Some businesses reduce risk by setting up local entities or collaborating with companies Company of Listing (EOR).
While this approach introduces new costs, it provides a structured way to ensure employees are fully compliant in the host country.
Companies also need to think carefully about visas and work permits.
An employee may assume they can work abroad without restrictions, but the type of work they do – and how long they will be there – may trigger immigration requirements.
Agreeing to an agreement without verifying this can result in serious liability.
Additionally, while it may be tempting to avoid liability by engaging overseas workers as contractors, this quick fix can backfire.
Misclassification is one of the riskiest strategies a business can undertake, as it can expose them to fines, kickbacks, and even legal action.
That’s where partners like IRIS can help! We global HR services designed to support businesses growing across national borders.
From managing social security obligations to ensuring the right employment contracts and HR frameworks are in place, we provide the infrastructure companies need to recruit and manage talent overseas with confidence.
Navigating the new reality of remote work across borders
My colleague, Dan J GraceDirector of HR Consulting Services IRIS, shared his thoughts by saying: “Don’s insights in this article highlight how the post-COVID world has changed the international remote work system.

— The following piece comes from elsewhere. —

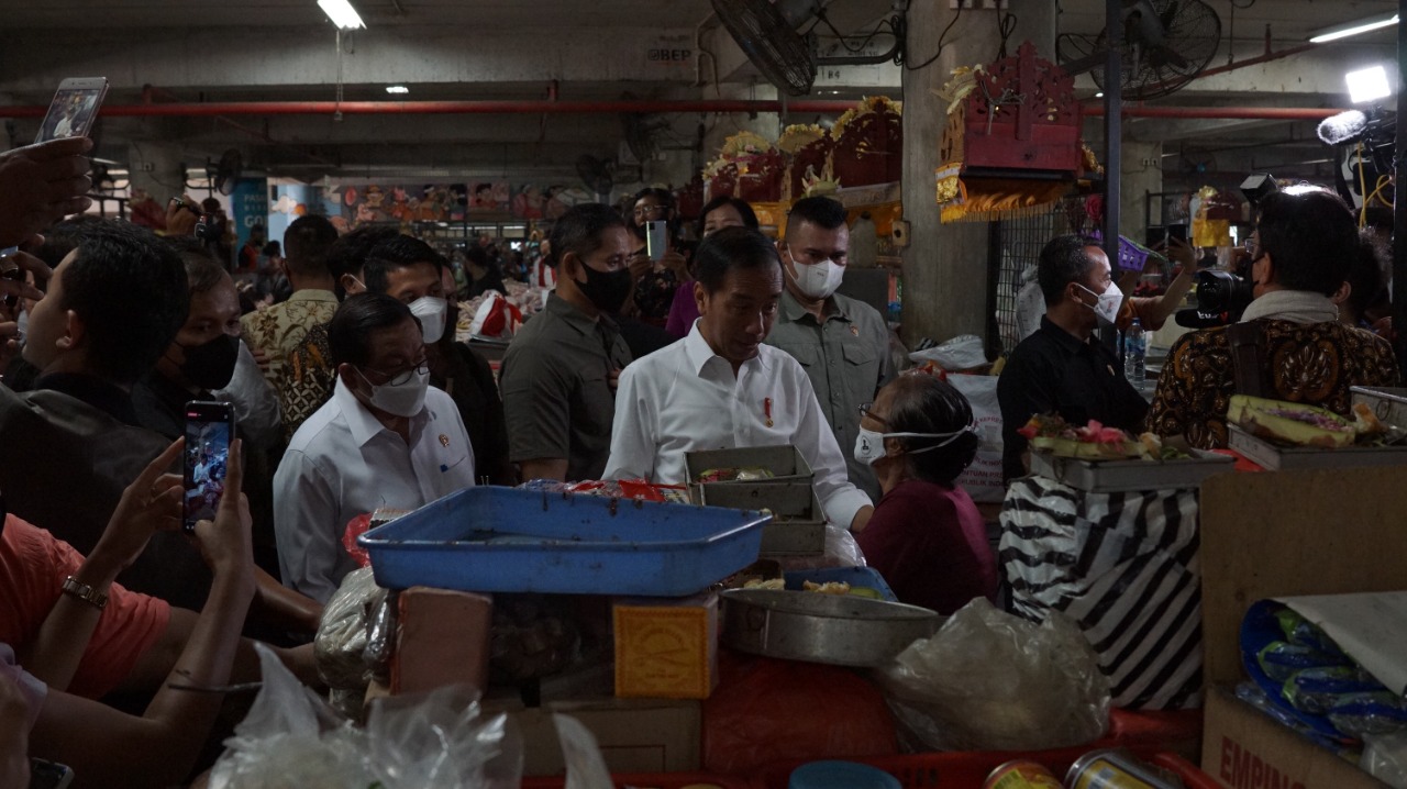“Saya berdialog langsung dengan pedagang, saya mendengar secara langsung (kondisi harga barang di pasar) dari para pedagang. Kondisinya seperti apa, tantangannya apa, termasuk efek dari terjadinya inflasi”, tutur Presiden.

“What was once a niche arrangement has become a mainstream employment model, and with this change, organizations face a paradox.
“Remote work provides unprecedented flexibility and access to global talent, but it also presents complex compliance challenges that many companies are unprepared to address.

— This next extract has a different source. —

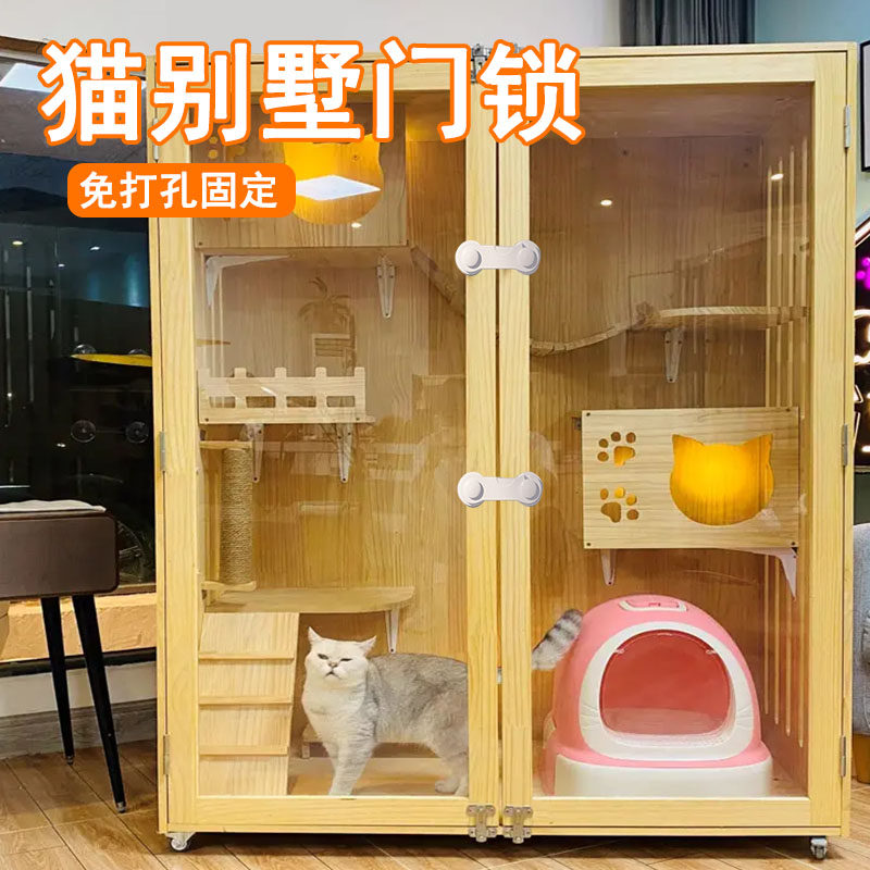 猫别墅门锁扣玻璃实木猫柜笼子展示猫舍防护锁宠物安全锁卡扣固定

“The reality is that even seemingly simple decisions can trigger permanent establishment rules, exposing companies to double taxation and leaving employers and workers vulnerable to harsh penalties.

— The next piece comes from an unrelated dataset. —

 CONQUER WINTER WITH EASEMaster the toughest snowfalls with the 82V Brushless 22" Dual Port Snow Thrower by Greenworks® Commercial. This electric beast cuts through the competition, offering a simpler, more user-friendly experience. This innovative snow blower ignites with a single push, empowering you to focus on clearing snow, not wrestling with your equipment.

“Add social security obligations to this, and the complexity multiplies.
“Employees may unknowingly lose pension or healthcare rights, while companies face the risk of retroactive judgments and reputational damage.
“Most concerning is the misconception that these risks can be ignored through informal arrangements or passed onto employees.
“Misclassifying staff as contractors may seem like a quick fix, but it is a ticking time bomb that can result in fines, back pay and legal disputes.
“Similarly, telling employees to ‘handle their own taxes’ displays a fundamental misunderstanding of a company’s obligations and responsibilities.
“For organizations serious about capitalizing on international remote work, half-measures are not an option.
“The choice is clear: invest in the right infrastructure – through local entity registration, establishing partnerships or a comprehensive compliance framework – or accept the very real risk of non-compliance.
“The stakes are high, from criminal liability for directors to heavy financial penalties and long-term reputational damage.
“The business basis for doing this right is very strong.
“As HR professionals, our role is to help companies get past the initial excitement of seamless work and move towards a sustainable and compliant model.
“This means conducting a rigorous risk assessment, creating clear policies, getting tax and legal guidance from experts, and perhaps most importantly, setting realistic expectations about what international remote work can and cannot involve.
“Organizations that thrive in this new era are not organizations that ignore complexity.
“They will be the ones to meet this challenge head-on, by building a strong framework to protect their businesses, protect their employees and unlock the real opportunities that remote work offers globally.”
About the author: Don Hastie, Senior International HR Consultant
With over 20 years of experience, Don brings extensive expertise in international HR.
Throughout their careers, they have led various HR initiatives in organizational development, employee relations, and HR policy design.
Their professional backgrounds span a wide range of industries, including engineering, renewable energy, technology, hospitality and retail.
They also partner with global organizations in North America, Europe, Africa and Australasia to design and implement HR strategies that align with broader business goals.